Aim of the exercise:
For the data below, restate word for word only the lines from the line containing "Esta es la carta" through the line containing "Temperature: 37°F Wind", both ends included.

*** Opening of Source information ***

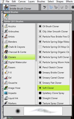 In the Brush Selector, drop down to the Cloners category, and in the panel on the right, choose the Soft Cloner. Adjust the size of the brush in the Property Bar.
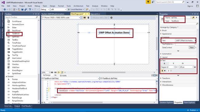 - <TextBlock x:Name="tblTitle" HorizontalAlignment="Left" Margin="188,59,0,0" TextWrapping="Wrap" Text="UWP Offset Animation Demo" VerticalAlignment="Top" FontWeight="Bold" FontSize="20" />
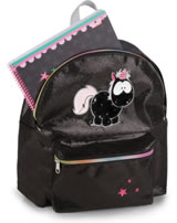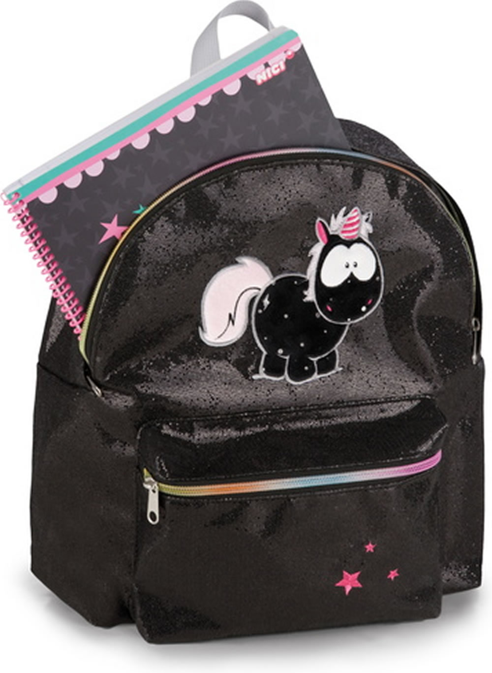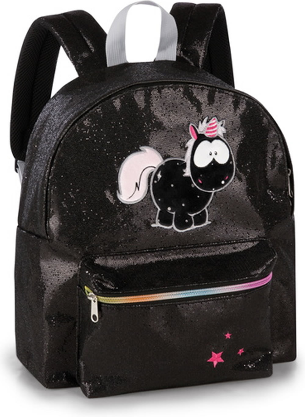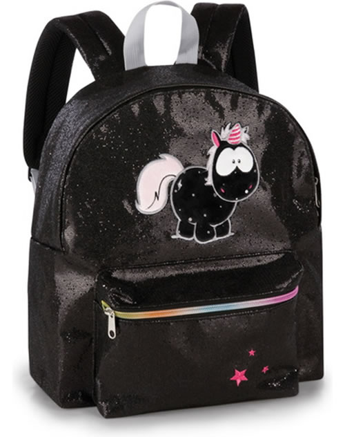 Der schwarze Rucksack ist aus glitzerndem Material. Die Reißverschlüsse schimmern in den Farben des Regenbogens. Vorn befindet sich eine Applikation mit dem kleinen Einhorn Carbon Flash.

*** Close of Source information ***
*** Opening of Source information ***

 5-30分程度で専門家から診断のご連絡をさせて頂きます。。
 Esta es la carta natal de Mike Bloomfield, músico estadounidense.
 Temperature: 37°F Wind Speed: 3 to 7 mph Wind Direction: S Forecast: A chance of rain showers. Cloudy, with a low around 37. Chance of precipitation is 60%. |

*** Close of Source information ***

Answer to this problem:
 Esta es la carta natal de Mike Bloomfield, músico estadounidense.
 Temperature: 37°F Wind Speed: 3 to 7 mph Wind Direction: S Forecast: A chance of rain showers. Cloudy, with a low around 37. Chance of precipitation is 60%. |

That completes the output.